It’s 7 a.m. on Saturday morning and your phone starts ringing. Who could it be but your mom stressing about the latest doomsday email forward in her inbox? You roll your eyes and thank the good heavens you’re not a worrywart like your mother … until three days later when you find yourself losing sleep over what you’d do if that new computer virus did wipe out your hard drive.
Can a predisposition to worry be inherited? Scientists say yes. Genetics could help explain why many people are predisposed to anxiety and why worrying is more natural than we think.
It’s in the Genes
The nature versus nurture debate is nothing new, but since the mapping of the human genome (as well as the genomes of our furry lab friends), scientists are increasingly finding that some personality traits are encoded in our DNA. Studies in the past ten years have identified genetic profiles associated with common anxiety disorders, like Generalized Anxiety Disorder (GAD), Social Anxiety Disorder (SAD), Panic Disorder (PD), and Obsessive Compulsive Disorder (OCD). There’s not one specific gene that causes anxiety, but combinations of genes seem to be at play.
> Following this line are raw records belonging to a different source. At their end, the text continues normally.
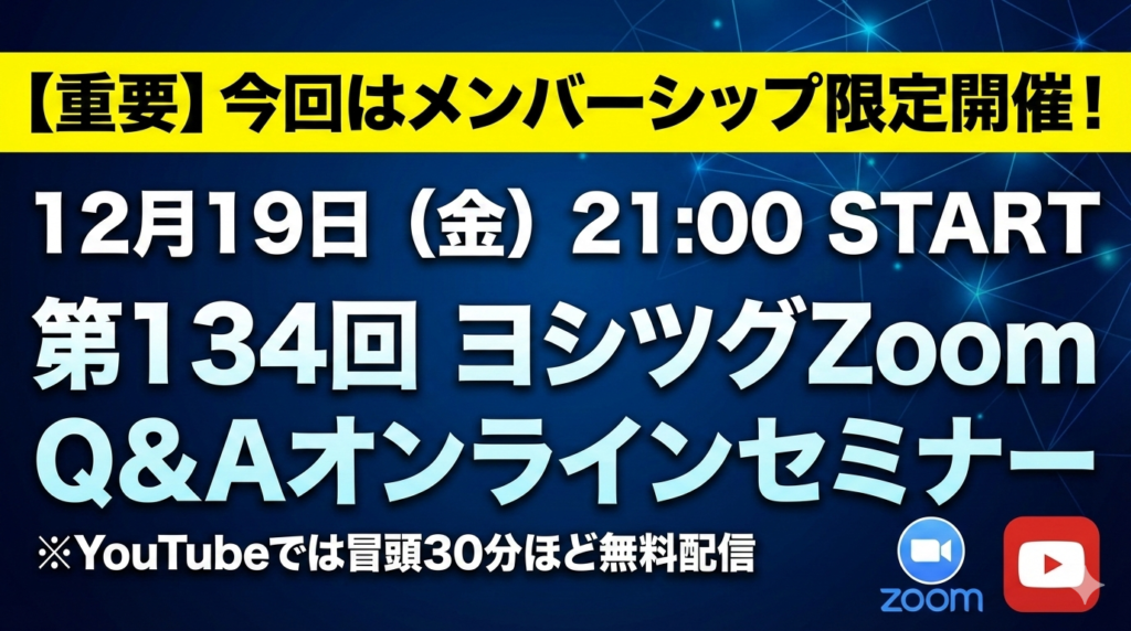 今年最後のQ&Aセミナーでも、メンバーの皆さんからいただいた質問にぶっつけ本番で私が直接お答えしていきます。
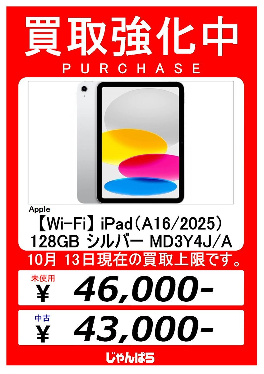 じゃんぱら池袋東口店 iPad買取強化中!! 最新の買取価格はこちら(•◡•ƪ) buy.janpara.co.jp/buy/search?out… 東池袋1-39-6 寄池ビル1F 03-5992-7075 営業時間:11:30-20:00 年中無休 #janpara #じゃんぱら #買取 #池袋 #ikebukuro #池袋買取 #Apple #iPad #iPadmini #iPadAir #iPadPro #iPad買取 pic.x.com/kSdH2CMH77
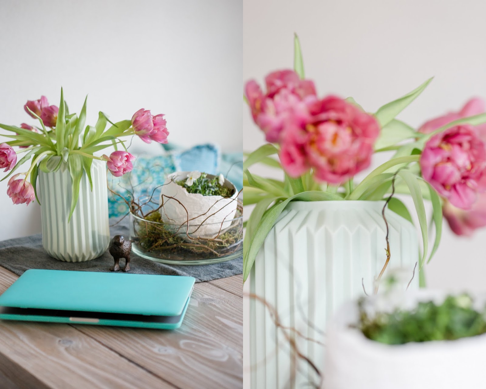 Jetzt aber erst zum Friday Flowerday der bei mir am heutigen Samstag stattfindet….. Meine momentane Lieblingsvase…. uups…. in meiner Lieblingsfarbe Mint ♥…. mit wundervollen gefüllten Tulpen in einem tollen Rosaton ♥
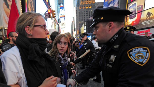 Thousands of protesters fill NYC’s Times Square 15 Oct 2011 Thousands of demonstrators protesting corporate greed filled Times Square on Saturday night, mixing with gawkers, Broadway showgoers, tourists and police to create a chaotic scene in the midst of Manhattan. “Banks got bailed out, we got sold out!” protesters chanted from within police barricades. Police, some in riot gear and mounted on horses, tried to push them out of the square and onto the sidewalks in an attempt to funnel the crowds away.
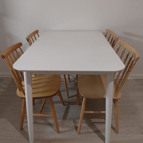 Annetaan puinen ruokapöytä ja siihen kuuluvat puiset tuolit. Pöydän kansi on valkoinen ja tuolien istuinosa on puunvärinen. Kalusteet soveltuvat ruokailuun ja arkipäivän käyttöön. Pöytä on uudelleen maalattu valkoiseksi ja tasossa on käytön jälkiä. Helppo maalata uudelleen tai päällystää dcfixillä. Nopein hakija saa en ala varaileen jos ei ennakkoon maksa. Jatkopalalla saa helposti 8 hengen pöydäksi tarvittaessa.
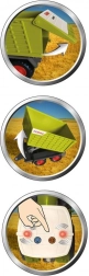 Traktor Claas z przyczepą oferuje autentyczne doświadczenie farmy dla małych dzieci. Zabawka jest wykonana z zielonego plastiku z czarnymi i czerwonymi elementami, a jej długość wynosi około 28 cm. Dzięki słodkim oczkom zdobiącym traktor, przynosi radość i uśmiech na twarzach dzieci. Przeznaczona jest dla dzieci od 12 miesięcy i zaprojektowana z myślą o bezpieczeństwie, z zaokrąglonymi rogami i krawędziami.

In late 2007, Yale researchers published a study identifying a gene variation associated with chronic worry and overthinking (what they call “rumination”). Last year, a team at Massachusetts General Hospital found a gene variation associated with SAD. Findings like these would explain why children of a parent with SAD are two to three times more likely to have the disorder; children of a parent with panic disorder are up to eight times more likely to exhibit PD.
Other Factors
This doesn’t mean Mother Nature has won the great debate. Scientists agree that genes aren’t the only things at work when it comes to worry. Environmental factors and trauma can also greatly affect a person’s ability to process anxiety and fear. Some of these include low levels of maternal care, childhood trauma, fear conditioning, brain injury, and even strep infections. Genes and the environment are working together. A new study by Swedish and German researchers in Psychological Science shows that participants with specific versions of two genes were more likely to develop fear of external stimuli and less able to overcome that fear, potentially leading to increased anxiety.